The hotel dining room seems emptier, the lobby has less youngsters running about. The corridors are quieter, the welcome signs on the doors are almost gone. The elevators arrive more quickly. Only the families whose trailers are still not in place, and those going to the soon-to-be-built trailer park at Kibbutz Ein Tzurim, remain in the hotel. And some are like us.



Our trailer, with our name pasted on the door, stands waiting for us. We, as many others, do not get the call: "Come and get your key." Each day our friends greet us in the dining room with "What's with you? Did you get your key yet?" We shake our heads, "No. No key. I guess we're not loved by the Selah Expulsion Authority."

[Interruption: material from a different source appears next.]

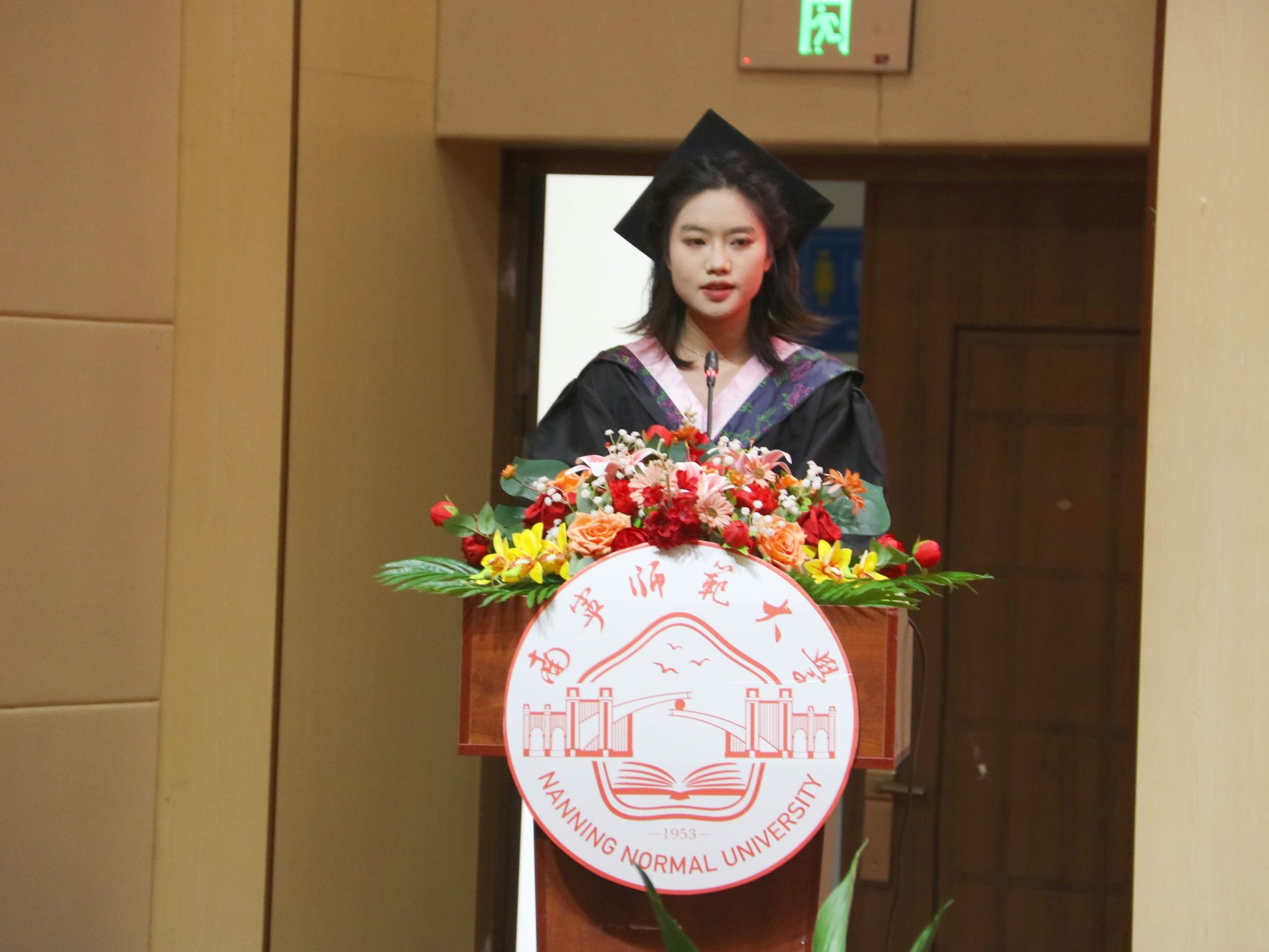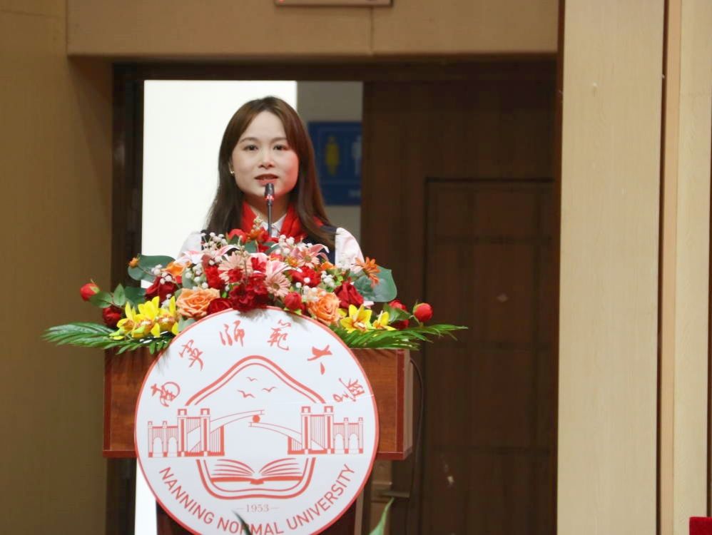 接着,校友代表、教师代表、毕业研究生代表和毕业本专科生代表分别发言。其中,校友代表、南宁市五象新区第一实验小学政教处副主任、全国优秀少先队大队辅导员陈媚以“从讲台到讲台”的职业经历分享感悟,勉励学弟学妹们以专业素养与教育情怀照亮教育的浩瀚星空。

No precious key. No advance on our compensation. No word. No word at all.



I spoke at a Root and Branch Society meeting this month. The room at the Israel Center in Jerusalem was filled and many good friends from every period in our lives were in the audience. My topic: "On Being a Displaced Person". Towards the end, I asked the people, "How many of you would like to live in a trailer?" No show of hands.



So, how does a government manage to make people - people who owned large, spacious homes - grateful to receive the precious key to a trailer? To look forward with relief that they will soon be residents of a large trailer park? That if refused a key, they will beg and plead in order to receive that oh-so-precious key?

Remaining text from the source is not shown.